EOA welcomes paper that documents how EO shapes leadership

The EOA has welcomed a new paper that investigates how being employee owned changes the shape of business leadership.

The paper, published yesterday (March 1 2020) by Ownership at Work and Grant Thornton UK LLP, investigates an emerging model of leadership that puts power in the hands of employees.

Authored by eminent business and management writer, Stefan Stern, the paper is based on a series of interviews with the leaders of ten employee owned businesses.

Currently turning over a combined £30bn plus annually, employee owned organisations demonstrate exceptional productivity, performance and employee engagement.

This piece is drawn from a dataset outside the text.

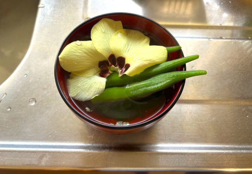 写真、「広島県産オクラのお椀、朝摘みの花弁をのせて」と赤坂の料亭のお品書きにありそうじゃない?、、、行ったことないんで言いたい放題(‘ω’)、、、しかもビジュアル的に問題ありですね、我ながら(>_<)

The paper concludes that shared ownership, and what it takes to lead employee shareholders, are the critical ingredient in this sector’s impressive performance. This dynamic is also behind the growing number of business owners considering employee ownership as a succession option on retirement, the paper finds.

Key themes include:

  • Where the business owners are also the workers, effective leadership needs to empower and embolden employees, making accountability in employee owned organisations a two-way street.
  • Employee responsibility and accountability will drive superior performance. The challenge for the leader is how to create and foster this.
  • Employee ownership is not leadership by committee. Leaders should deploy greater transparency and a greater level of consulting and listening, but clear lines need to be drawn between what gets decided by consultation and what is led from the top.
  • Engaging employees in financial targets and enabling them to share in profits is a powerful motivator of growth.
  • Trusting capable colleagues allows for flexible and speedy decision making.

Deb Oxley OBE, Chief Executive of the EOA, said:

This paper really brings to life how leadership evolves in employee owned businesses, by defining the key themes of success that the right type of leadership drives.

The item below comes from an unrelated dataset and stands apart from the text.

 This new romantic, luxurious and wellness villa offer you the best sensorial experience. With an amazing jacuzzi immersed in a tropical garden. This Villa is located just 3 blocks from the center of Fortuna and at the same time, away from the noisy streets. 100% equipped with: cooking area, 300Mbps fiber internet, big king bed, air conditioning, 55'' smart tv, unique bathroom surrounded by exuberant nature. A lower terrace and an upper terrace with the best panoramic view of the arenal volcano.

“The EO sector itself has identified the need for a different type of leadership to ensure they really reap the benefits of giving employees a stake and a say. In fact demand for learning programmes for leadership in employee owned business programmes has seen the recent launch of EO Learn – learning products for the EO sector by the EO sector.”

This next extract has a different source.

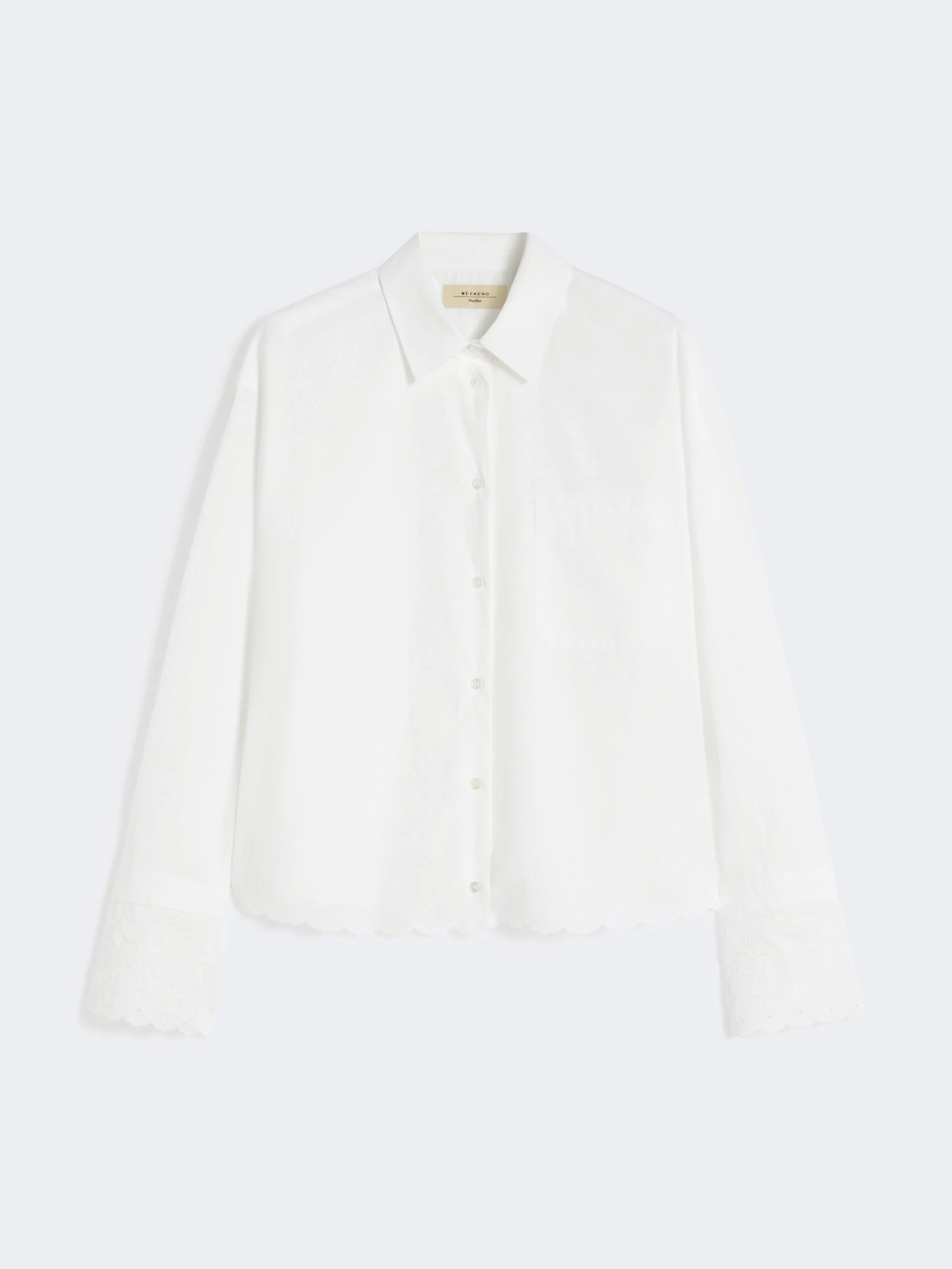 DETAILS Classic shirt featuring lace details and small embroidered butterfly logo detail on the side. - Shirt in pure cotton poplin fabric - Straight fit - Scalloped broderie anglaise lace shirt collar and long cuffs - Mother-of-pearl button fastening - Patch breast pocket - Darted rear yoke and central pleat detail on the back - Scalloped-edge rounded hem COMPOSITION AND CARE Fabric 100% cotton; embroidery thread 100% polyester. Hand wash cold (40°c max); do not bleach; do not tumble dry; line drying in the shade; cool iron; professionally dry clean perchloroethylene - mild process; do not wet clean.; wash the garment while it is fastened.; turn the articles inside out before washing.; contains non-textile parts of animal origin. Distributed by Max Mara S.r.l., registered office in Reggio Emilia (Italy), Via Giulia Maramotti 4, 42124 (IT) Collection: Weekend Max Mara Product code: 5111026106004 - WKDNEUTRO

Peter Cheese, Chief Executive of the Chartered Institute of Personnel Development, said:

“The UK’s continuing poor productivity makes the publication of a new paper about business leadership timely and important. The author of this paper suggests that the consensus on characteristics great leaders share is misplaced, and that employee ownership, an emerging model of leadership, has a lot to teach organisations of every kind.”

Justin Rix, Partner and Head of People Advisory at Grant Thornton UK LLP, said:

“As business advisers, we are seeing increasingly more organisations moving towards a culture of employee ownership: empowering people with open communication, transparent decision making and a genuine share in profits. Focussing on the development of managers into high performing leaders and driving a culture of employee ownership is fantastic way to improve organisation performance and deliver the best results.”

Chair of Ownership at Work Ann Tyler said: “This paper shows employee owned firms really are changing what it means to be a good leader by generating remarkable performance coupled with exceptional employee engagement. The key ingredient, the paper confirms, is the ownership stake employees have in the business. With UK productivity still lagging, this paper has huge implications for policy makers.